Records to process ::
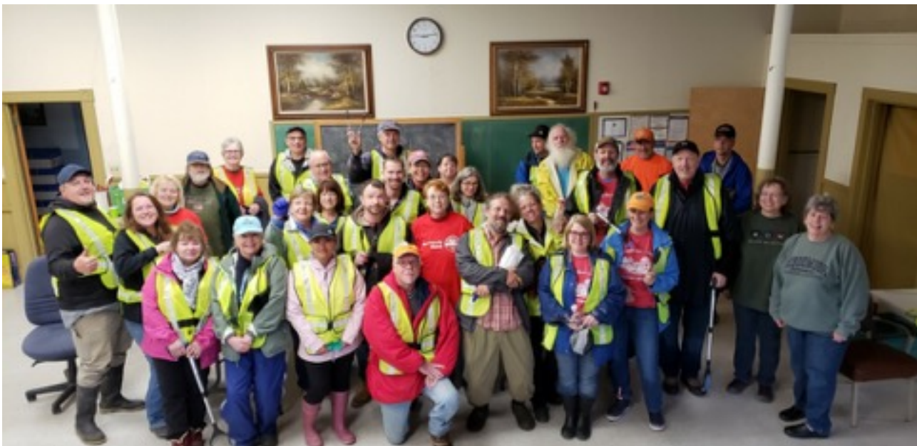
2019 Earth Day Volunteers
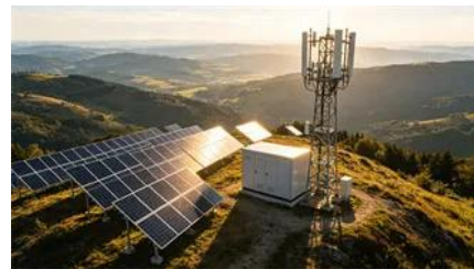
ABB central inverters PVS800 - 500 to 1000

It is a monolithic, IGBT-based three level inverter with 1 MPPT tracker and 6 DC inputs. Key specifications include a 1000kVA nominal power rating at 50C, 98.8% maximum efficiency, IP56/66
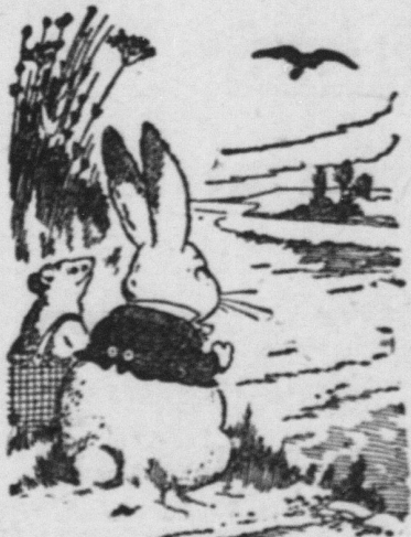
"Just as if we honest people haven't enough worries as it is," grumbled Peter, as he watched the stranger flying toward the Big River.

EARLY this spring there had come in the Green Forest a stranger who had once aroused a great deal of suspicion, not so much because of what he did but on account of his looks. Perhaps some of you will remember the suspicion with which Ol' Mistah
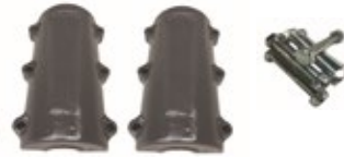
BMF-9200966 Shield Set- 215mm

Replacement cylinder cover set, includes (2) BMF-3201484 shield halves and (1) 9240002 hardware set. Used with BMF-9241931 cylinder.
--
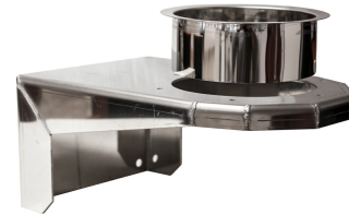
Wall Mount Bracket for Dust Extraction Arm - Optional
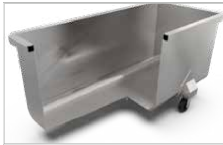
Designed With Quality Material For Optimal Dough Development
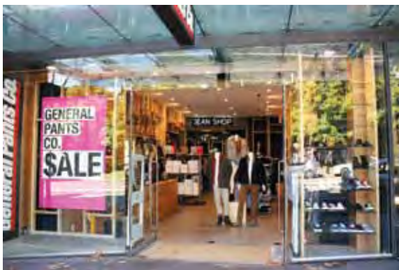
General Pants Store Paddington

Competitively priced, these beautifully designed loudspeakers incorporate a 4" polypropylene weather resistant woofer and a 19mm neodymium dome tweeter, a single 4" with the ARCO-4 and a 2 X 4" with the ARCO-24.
...
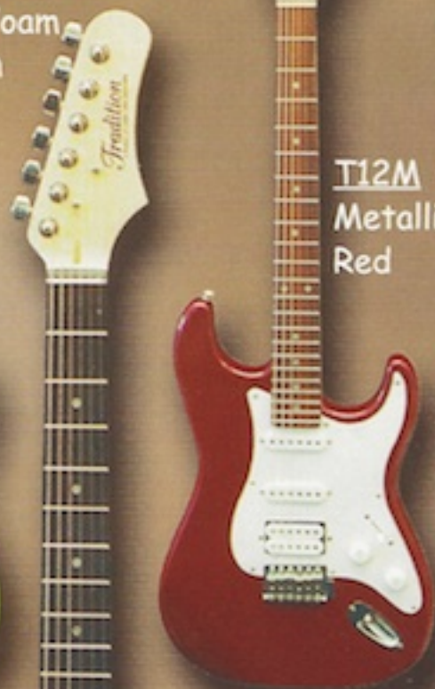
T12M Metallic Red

Instructions to follow :: Repeat only the stretch of data above that runs from the line with "2019 Earth Day Volunteers" to the line with "the Big River.". Keep both end lines; exclude pictures.

Response ::
2019 Earth Day Volunteers
ABB central inverters PVS800 - 500 to 1000

It is a monolithic, IGBT-based three level inverter with 1 MPPT tracker and 6 DC inputs. Key specifications include a 1000kVA nominal power rating at 50C, 98.8% maximum efficiency, IP56/66
"Just as if we honest people haven't enough worries as it is," grumbled Peter, as he watched the stranger flying toward the Big River.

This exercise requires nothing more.